SOURCE INFORMATION:
▬▬▬

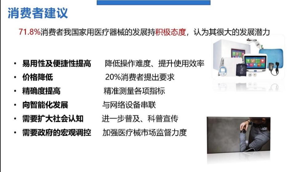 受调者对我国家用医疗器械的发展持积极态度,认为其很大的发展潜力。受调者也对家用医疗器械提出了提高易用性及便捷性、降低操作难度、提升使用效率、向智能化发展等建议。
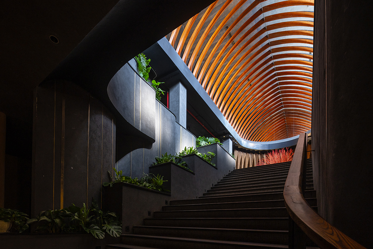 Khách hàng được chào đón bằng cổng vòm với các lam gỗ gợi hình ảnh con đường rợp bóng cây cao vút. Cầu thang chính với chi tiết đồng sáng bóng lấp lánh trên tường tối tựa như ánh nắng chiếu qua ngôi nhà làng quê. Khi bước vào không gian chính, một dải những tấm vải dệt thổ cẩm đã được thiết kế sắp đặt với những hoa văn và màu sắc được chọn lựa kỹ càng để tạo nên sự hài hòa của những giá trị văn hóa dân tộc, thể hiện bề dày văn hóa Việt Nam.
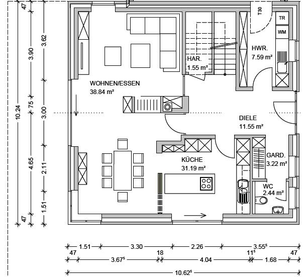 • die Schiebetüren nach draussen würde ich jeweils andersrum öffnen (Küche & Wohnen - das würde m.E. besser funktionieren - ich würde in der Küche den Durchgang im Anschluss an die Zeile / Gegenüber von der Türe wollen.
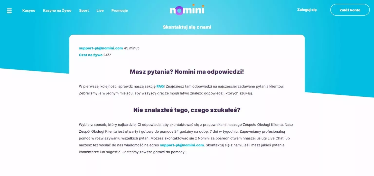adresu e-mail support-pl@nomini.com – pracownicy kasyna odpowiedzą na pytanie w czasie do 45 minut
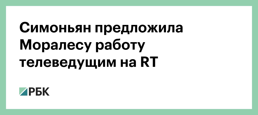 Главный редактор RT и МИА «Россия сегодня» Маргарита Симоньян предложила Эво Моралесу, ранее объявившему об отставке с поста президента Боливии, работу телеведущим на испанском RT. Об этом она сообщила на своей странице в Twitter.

▬▬▬

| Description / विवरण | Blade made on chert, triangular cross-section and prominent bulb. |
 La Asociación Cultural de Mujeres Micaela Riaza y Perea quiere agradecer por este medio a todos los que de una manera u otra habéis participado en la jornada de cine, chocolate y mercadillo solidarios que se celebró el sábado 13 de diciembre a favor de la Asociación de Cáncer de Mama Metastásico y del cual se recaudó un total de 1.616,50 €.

▬▬▬

AIM OF THE EXERCISE:
Of all the material above, only the lines from the one that has "受调者对我国家用医疗器械的发" down to the one that has "der Türe wollen." are to be written out, exactly and with both ends included. Pictures are skipped.

ANSWER FOR THE TASK:
 受调者对我国家用医疗器械的发展持积极态度,认为其很大的发展潜力。受调者也对家用医疗器械提出了提高易用性及便捷性、降低操作难度、提升使用效率、向智能化发展等建议。
 Khách hàng được chào đón bằng cổng vòm với các lam gỗ gợi hình ảnh con đường rợp bóng cây cao vút. Cầu thang chính với chi tiết đồng sáng bóng lấp lánh trên tường tối tựa như ánh nắng chiếu qua ngôi nhà làng quê. Khi bước vào không gian chính, một dải những tấm vải dệt thổ cẩm đã được thiết kế sắp đặt với những hoa văn và màu sắc được chọn lựa kỹ càng để tạo nên sự hài hòa của những giá trị văn hóa dân tộc, thể hiện bề dày văn hóa Việt Nam.
 • die Schiebetüren nach draussen würde ich jeweils andersrum öffnen (Küche & Wohnen - das würde m.E. besser funktionieren - ich würde in der Küche den Durchgang im Anschluss an die Zeile / Gegenüber von der Türe wollen.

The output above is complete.